Department of Computer Science, University of York, Heslington, York YO10 5GH, United Kingdom.
Department of Chemistry, University of York, Heslington, York YO10 5DD, United Kingdom.
Acta Crystallogr D Struct Biol. 2021 Dec 1;77(Pt 12):1591-1601. doi: 10.1107/S2059798321010500. Epub 2021 Nov 29.
Proteins are macromolecules that perform essential biological functions which depend on their three-dimensional structure. Determining this structure involves complex laboratory and computational work. For the computational work, multiple software pipelines have been developed to build models of the protein structure from crystallographic data. Each of these pipelines performs differently depending on the characteristics of the electron-density map received as input. Identifying the best pipeline to use for a protein structure is difficult, as the pipeline performance differs significantly from one protein structure to another. As such, researchers often select pipelines that do not produce the best possible protein models from the available data. Here, a software tool is introduced which predicts key quality measures of the protein structures that a range of pipelines would generate if supplied with a given crystallographic data set. These measures are crystallographic quality-of-fit indicators based on included and withheld observations, and structure completeness. Extensive experiments carried out using over 2500 data sets show that the tool yields accurate predictions for both experimental phasing data sets (at resolutions between 1.2 and 4.0 Å) and molecular-replacement data sets (at resolutions between 1.0 and 3.5 Å). The tool can therefore provide a recommendation to the user concerning the pipelines that should be run in order to proceed most efficiently to a depositable model.

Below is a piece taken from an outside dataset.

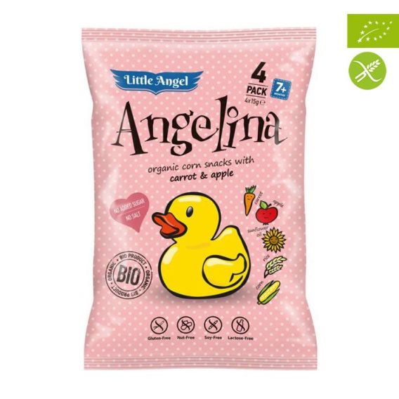 Angelina to ekologiczne, bezglutenowe chrupki kukurydziane z dodatkiem jabłuszka i marchewki. Stanowią pyszną i zdrowa przekąskę i mogą być bezpiecznie spożywane już przez najmłodsze dzieci (od 7 miesiąca). Chrupki stanowią idealną alternatywę dla sklepowych, smażonych chipsów pełnych tłuszczów trans o
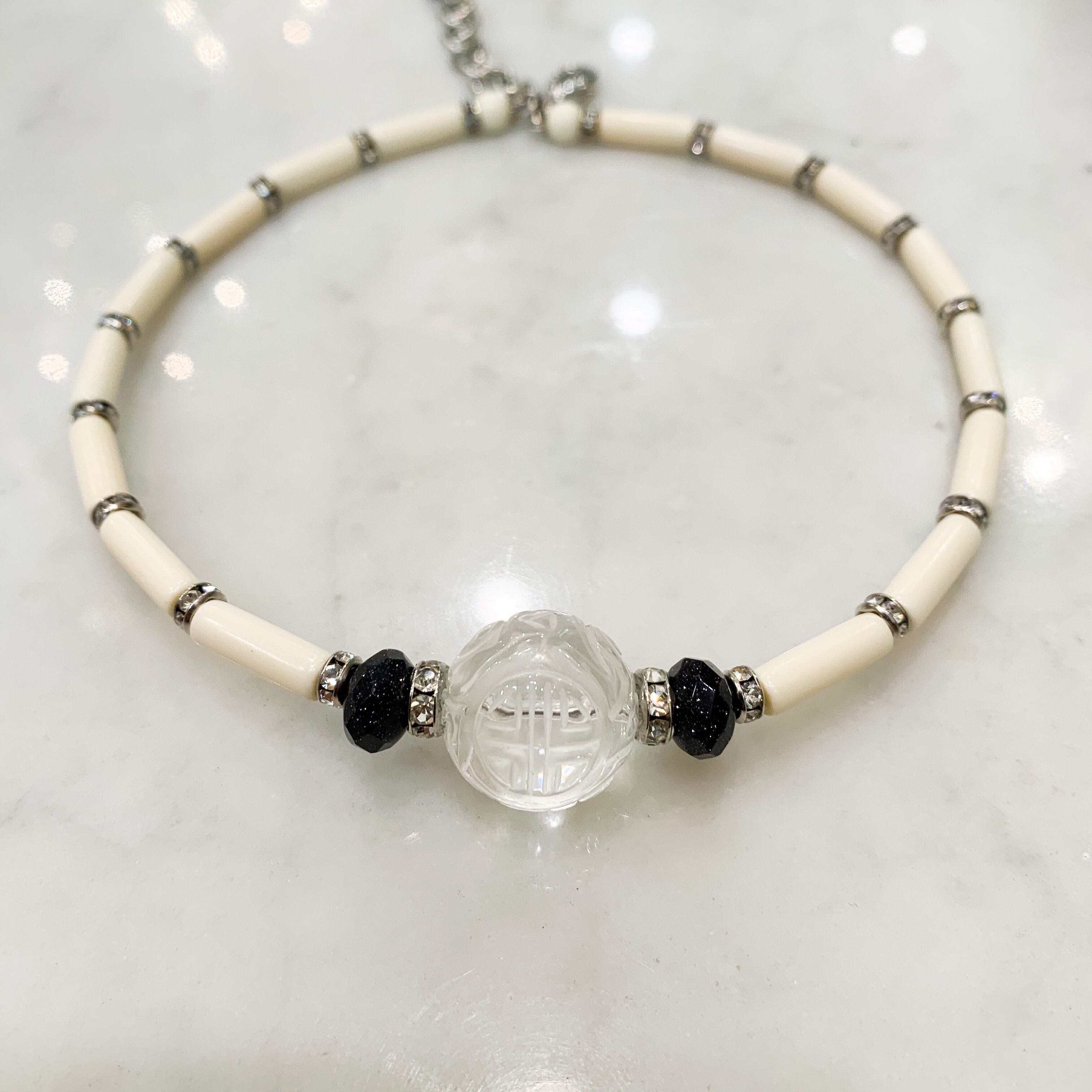 水晶とアイボリーストーン、サンドストーン、ラインストーンのワイヤーチョーカー

蛋白质是执行基本生物功能的大分子,这些功能取决于其三维结构。确定这种结构涉及复杂的实验室和计算工作。对于计算工作,已经开发了多个软件管道,以便根据晶体学数据构建蛋白质结构模型。这些管道中的每一个在接收输入的电子密度图的特征不同时,表现也不同。由于不同蛋白质结构之间的管道性能差异很大,因此确定要使用哪种最佳管道来构建蛋白质结构是很困难的。因此,研究人员通常选择从可用数据中生成最佳蛋白质模型的管道。这里介绍了一种软件工具,该工具预测了一系列管道在提供给定晶体数据集时生成的蛋白质结构的关键质量度量。这些度量是基于包含和排除观察的晶体质量拟合指标,以及结构完整性。使用超过 2500 个数据集进行的广泛实验表明,该工具可准确预测实验相位数据集(分辨率在 1.2 到 4.0 Å 之间)和分子置换数据集(分辨率在 1.0 到 3.5 Å 之间)。因此,该工具可以为用户提供有关应运行哪些管道的建议,以便最有效地进行可存储模型。